February 22, 2012

  • 50 - Blood is the coming of age

    Most times people will comment, "your nose is bleeding,"

    but this time no one takes the effort to say a word

    and for a while I didn't notice.

    And because nosebleeds don't seem to hurt,

    letting me run like a faulty faucet

    is permissible.

    But for a while I didn't notice

    as I bestrew each interaction with my wound.

    And blood is disgusting--it smells and stains,

    and smears my face until it's unkissable.

    I can't wash it off, because it doesn't dry and crust.

    It renews and remains fresh, crimson at its finest.

     

     

    A girl told me to look at hers and demanded that I recognize her pain.

    And I finally noticed

    the horror right beneath my nose.

    Stains and splatters

    soaked to the skin through my clothes.

    And it's true, it does hurt.

    This time I failed to avert even with my best effort

    even if I did understand.

    But I didn't understand just didn't understand

    that the blow of an unwanted, probing hand

    hurts more than a physical, condemnable strike.

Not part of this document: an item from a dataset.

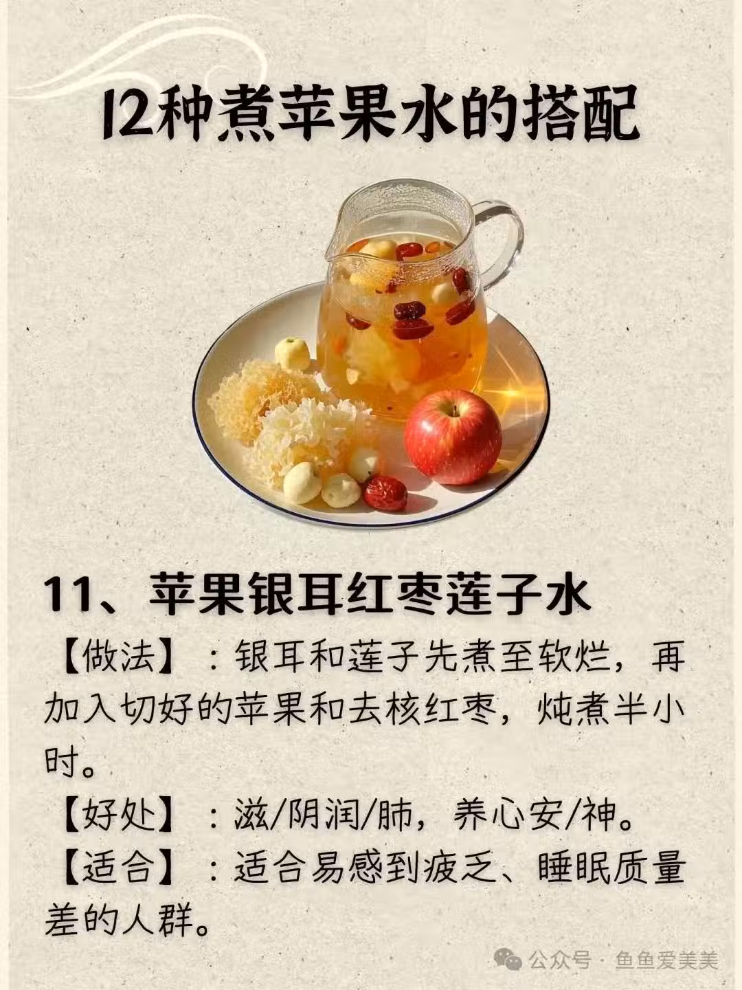 十二、蘋果紅酒水 做法:蘋果切塊,倒入紅酒沒過蘋果,蓋上蓋子中火燉煮15分鐘,關過,紅酒中浸泡半小時,放溫再喝。 好處:溫陽暖胃,活血化瘀。 適合:陽虛怕冷、氣虛無力者,尤其適合寒冷的秋冬季節。
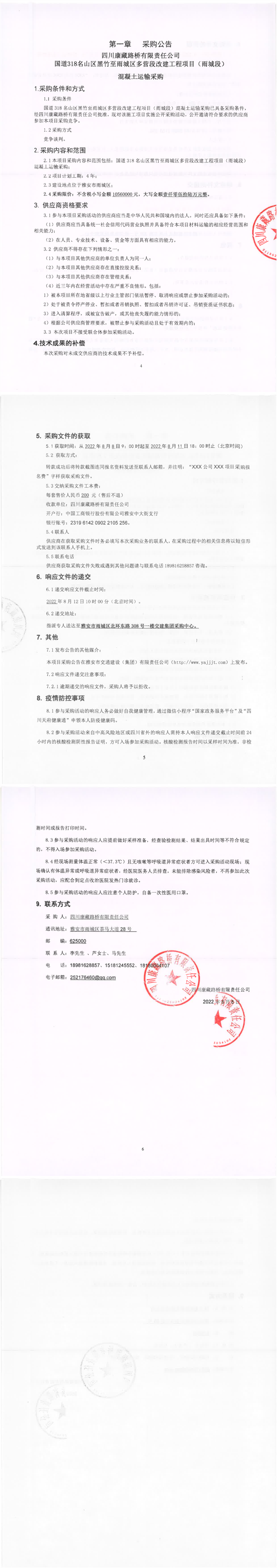 四川康藏路橋有限責(zé)任公司國道318名山區(qū)黑竹至雨城區(qū)多營段改建工程項(xiàng)目(雨城段)混凝土運(yùn)輸采購公告

    We know that an unjust power structure over the years can ravage a nation.

    Who knew than an unjust power structure between two people

    can turn innocent admiration

    into cold calculation

    and eliminate all wonder and ambivalence towards domination.

    We don't like being puppets, being used,

    but some don't have to accept being refused.

    It's hard, and I never understood, was oblivious

    until manhood ended my girlhood,

    and though the bruises of evidence are gone,

    I've been banished into weak womanhood.

     

    It's hard and I'm back to not understanding.

    It's my fault for having broken vessles.

    It's my fault for accepting drink from someone stronger,

    but I never expected the impending wrestle.

    What will stop the nosebleed?

    Then, how do I clean this soul that has been bloodied?